Assuming that the $N$ numbers to be sorted are distinct, each needs $logN$ bits to be represented, for a total of $n = \Theta(NlogN)$ bits.

My understanding of this was that with $N$ distinct numbers, we need word size $w = \theta(logN)$, as defined in CLRS. We want the word size to be able to at least index into $N$ different elements but not so big that we can put everything in one word. Also, with $N$ distinct elements, we need $\Omega(logN)$ bits to represent the largest number. Assuming each word will fit in $w$, Edmonds' claim that $n = \theta(NlogN)$ bits made sense. Please correct me if my analysis is wrong up to here.

But when I try to apply this to counting sort, something doesn't seem right. With $N$ again the number of elements in the input and $k$ the value of the maximum element in the list, the running time is $O(N + k)$. Counting sort is linear with respect to $N$, the number of elements in the input, when $k = O(N)$. Using this constraint to represent the input as the total number of bits $n$, I think $n = O(Nlogk) = O(NlogN)$.

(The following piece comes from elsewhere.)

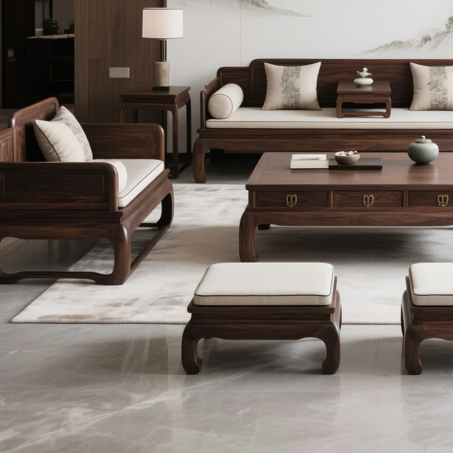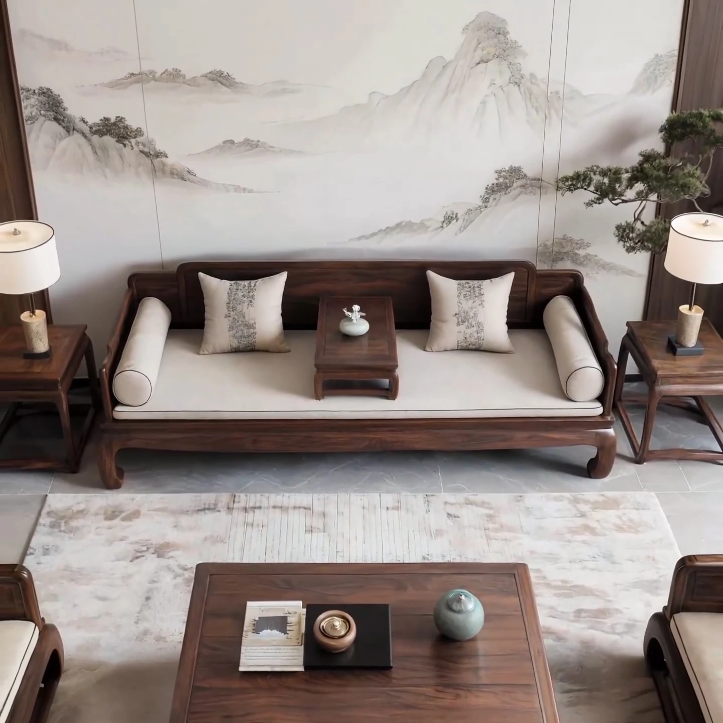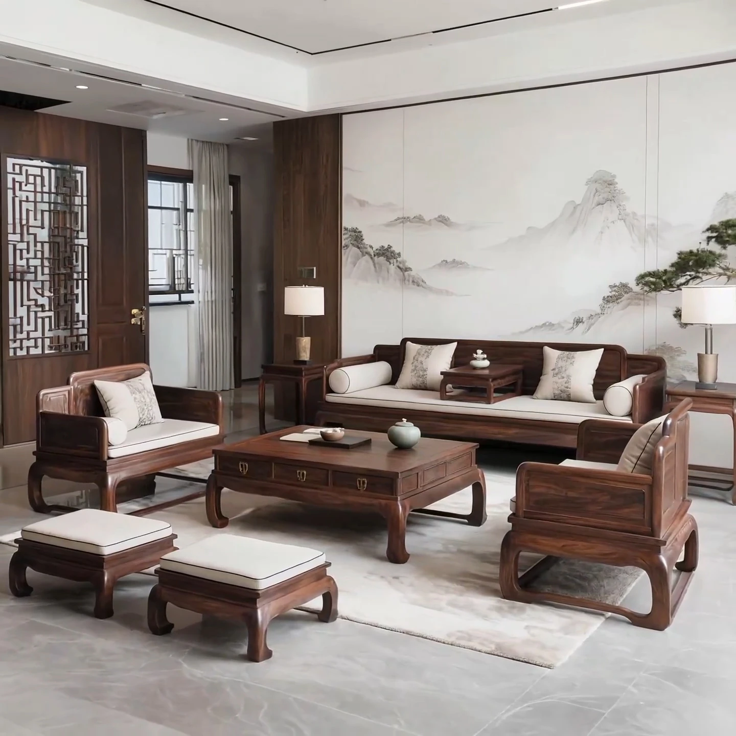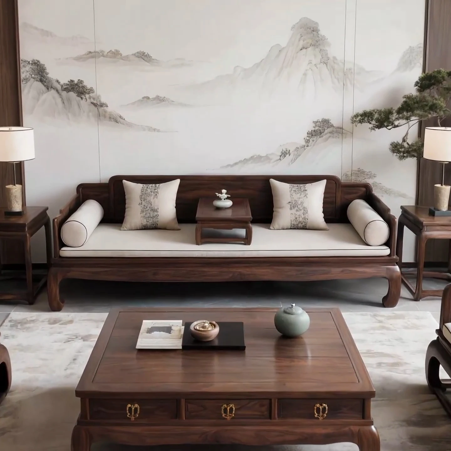 New Chinese Style North American Black Walnut Altar Bed Solid Wood Sofa - Ideal for Villas, Model Rooms, Hotels, and Clubhouse Reception Furniture.

So with in the RAM model of computation, how can I express the run-time of counting sort with respect to $n$ bits? Merge/quick/heap sorts had time complexity $O(n)$ with respect to $n$ bits, as was expressed cleanly by Edmonds. I am not sure how to do something similar for counting sort, and maybe possibly for radix sort using counting sort as a subroutine. Any idea how to do this in the two cases when $k = \Theta(N)$ and when this condition is not present? I am suspecting the former will give some kind of polynomial time with respect to $n$ and the latter exponential (hence pseudo-polynomial) time with respect to $n$ bits, but have trouble expressing the mathematics...

namesake22
  • 211
  • 1
  • 8

1 Answers1

1

In the RAM model of computation, machine words are $\Theta(\log n)$ bits long (where $n$ is the size of the input in bits), and operations on machine words can be done in $O(1)$. Counting sort has running time $O(N + k)$ in the RAM model assuming that each value is $\Theta(\log n)$ bits long.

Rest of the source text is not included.